══ Record extracts ══
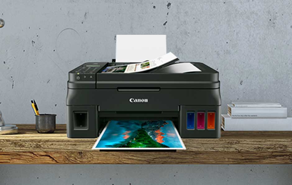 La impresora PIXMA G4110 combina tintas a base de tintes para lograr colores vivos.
═══
══ Record extracts ══
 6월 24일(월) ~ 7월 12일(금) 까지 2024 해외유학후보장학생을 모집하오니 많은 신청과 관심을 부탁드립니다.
═══
══ Record extracts ══
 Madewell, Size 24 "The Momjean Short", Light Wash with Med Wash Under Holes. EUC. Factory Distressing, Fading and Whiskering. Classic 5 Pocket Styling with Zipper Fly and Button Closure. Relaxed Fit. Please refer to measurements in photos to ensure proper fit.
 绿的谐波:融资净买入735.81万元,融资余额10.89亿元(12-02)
═══
== Work to complete ==
Using the entries above, give back exactly the line containing "Madewell, Size 24", the line containing "绿的谐波:融资净买入735.81万元,融资余额10.89亿元(12-02)", and every line between them, and nothing else.

== Finished exercise ==
 Madewell, Size 24 "The Momjean Short", Light Wash with Med Wash Under Holes. EUC. Factory Distressing, Fading and Whiskering. Classic 5 Pocket Styling with Zipper Fly and Button Closure. Relaxed Fit. Please refer to measurements in photos to ensure proper fit.
 绿的谐波:融资净买入735.81万元,融资余额10.89亿元(12-02)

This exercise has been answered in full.